ASSIGNMENT
Find the line with "Winchester, Smokeless Cartridges, .22" in the records below. Output exactly from there until after the line with "Terri's latest mural", without pictures.

INPUT DATA
:::::
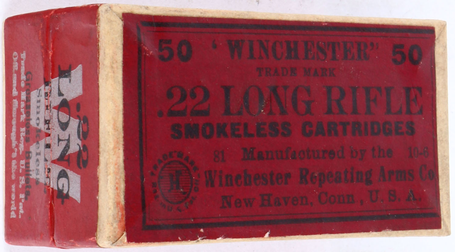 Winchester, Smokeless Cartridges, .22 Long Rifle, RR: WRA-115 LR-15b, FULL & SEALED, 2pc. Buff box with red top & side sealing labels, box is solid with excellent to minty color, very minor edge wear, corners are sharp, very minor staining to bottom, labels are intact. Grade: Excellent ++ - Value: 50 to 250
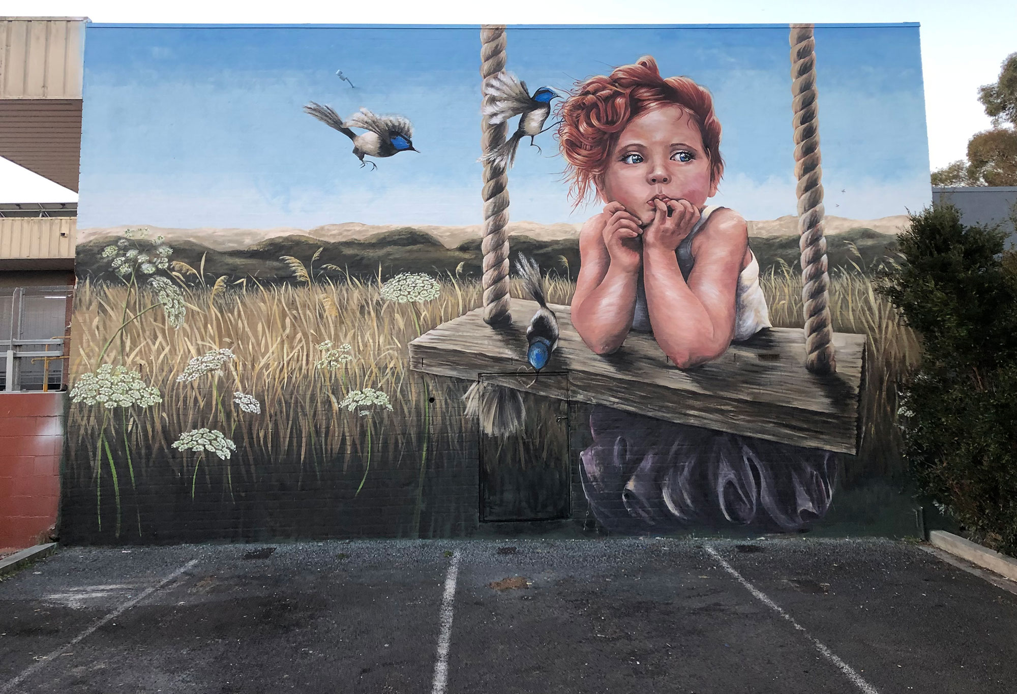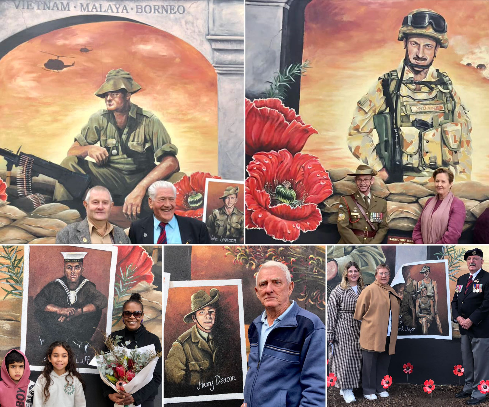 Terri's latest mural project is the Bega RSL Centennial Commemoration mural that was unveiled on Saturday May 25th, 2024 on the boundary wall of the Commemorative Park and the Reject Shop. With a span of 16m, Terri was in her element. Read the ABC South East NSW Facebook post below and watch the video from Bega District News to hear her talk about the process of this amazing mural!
:::::
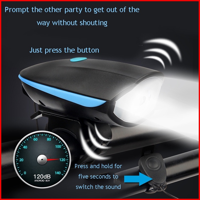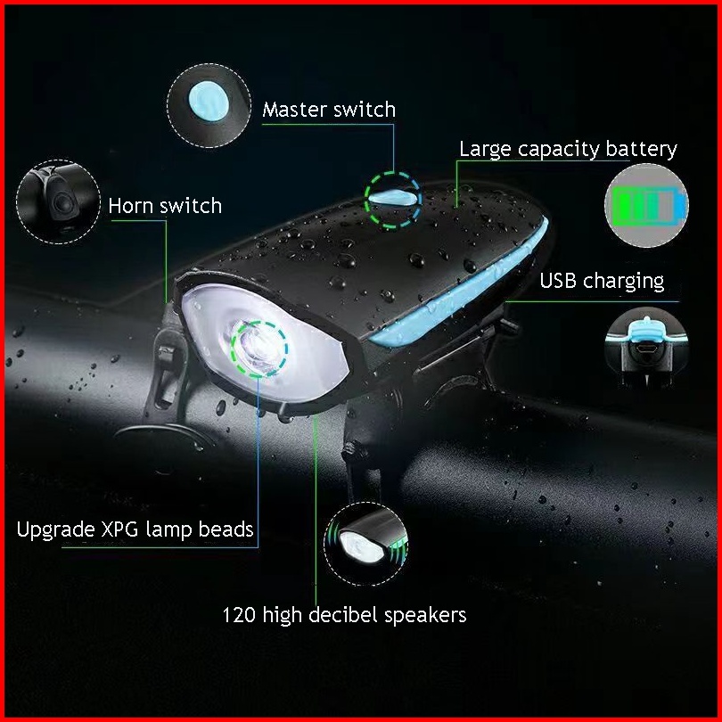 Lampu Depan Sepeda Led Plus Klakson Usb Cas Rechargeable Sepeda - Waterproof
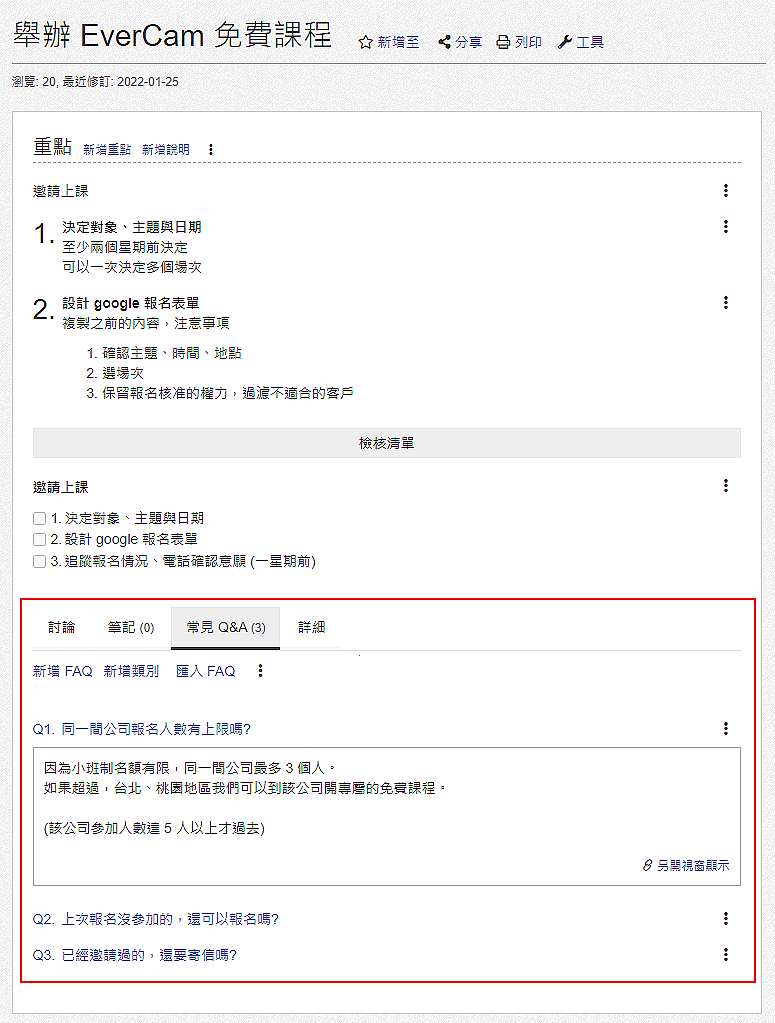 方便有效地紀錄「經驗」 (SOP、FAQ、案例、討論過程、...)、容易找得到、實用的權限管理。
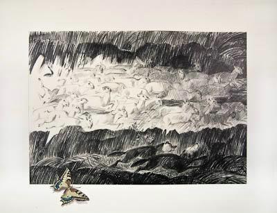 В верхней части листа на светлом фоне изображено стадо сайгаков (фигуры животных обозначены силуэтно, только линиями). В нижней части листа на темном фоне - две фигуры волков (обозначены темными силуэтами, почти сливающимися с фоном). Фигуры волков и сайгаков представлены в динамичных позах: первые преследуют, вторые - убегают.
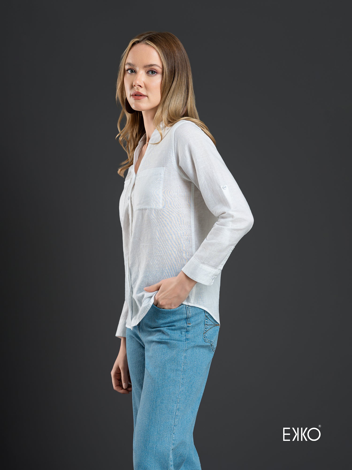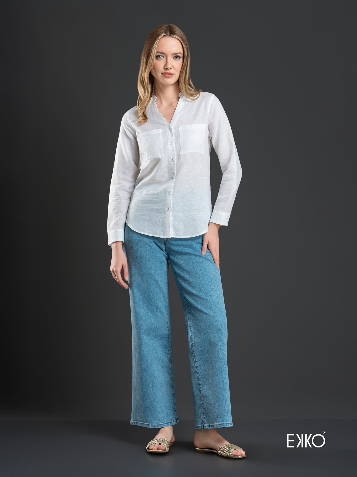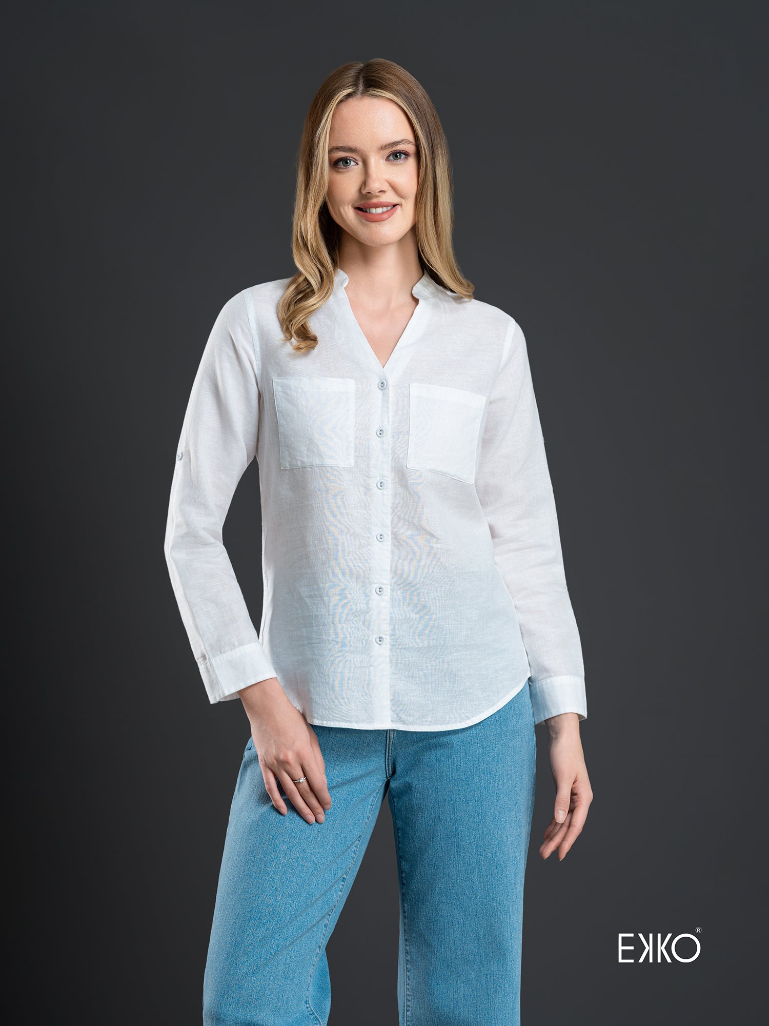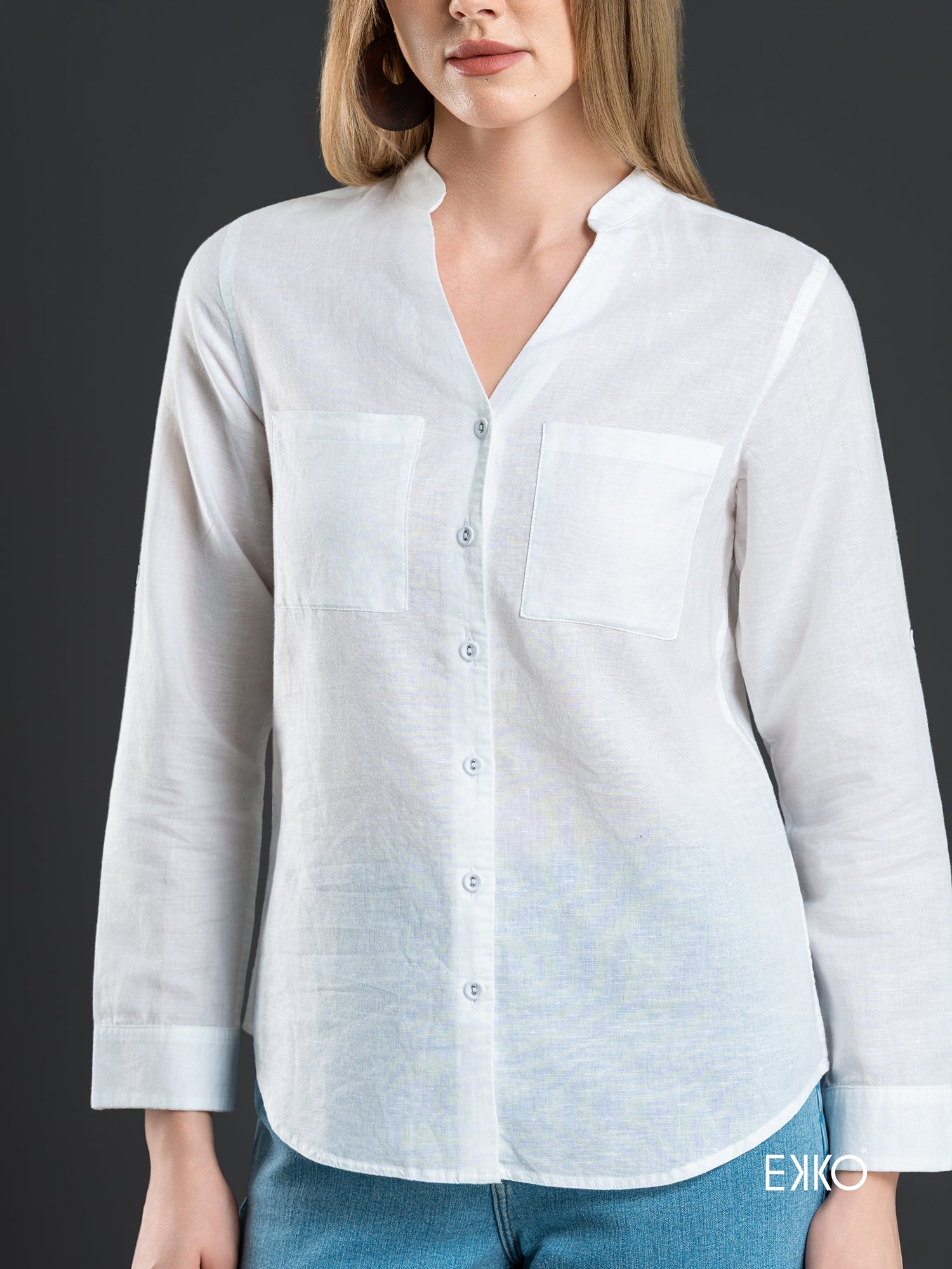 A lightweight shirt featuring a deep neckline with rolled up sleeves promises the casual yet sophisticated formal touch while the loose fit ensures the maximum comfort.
:::::
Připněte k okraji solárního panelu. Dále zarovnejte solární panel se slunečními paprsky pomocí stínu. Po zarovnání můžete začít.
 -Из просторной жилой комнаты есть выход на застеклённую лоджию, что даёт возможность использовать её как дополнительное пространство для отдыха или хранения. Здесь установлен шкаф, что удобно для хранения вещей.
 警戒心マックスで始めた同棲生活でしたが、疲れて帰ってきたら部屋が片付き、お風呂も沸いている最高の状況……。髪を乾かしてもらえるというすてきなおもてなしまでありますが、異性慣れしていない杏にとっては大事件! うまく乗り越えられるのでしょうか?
:::::
RESULT
 Winchester, Smokeless Cartridges, .22 Long Rifle, RR: WRA-115 LR-15b, FULL & SEALED, 2pc. Buff box with red top & side sealing labels, box is solid with excellent to minty color, very minor edge wear, corners are sharp, very minor staining to bottom, labels are intact. Grade: Excellent ++ - Value: 50 to 250
 Terri's latest mural project is the Bega RSL Centennial Commemoration mural that was unveiled on Saturday May 25th, 2024 on the boundary wall of the Commemorative Park and the Reject Shop. With a span of 16m, Terri was in her element. Read the ABC South East NSW Facebook post below and watch the video from Bega District News to hear her talk about the process of this amazing mural!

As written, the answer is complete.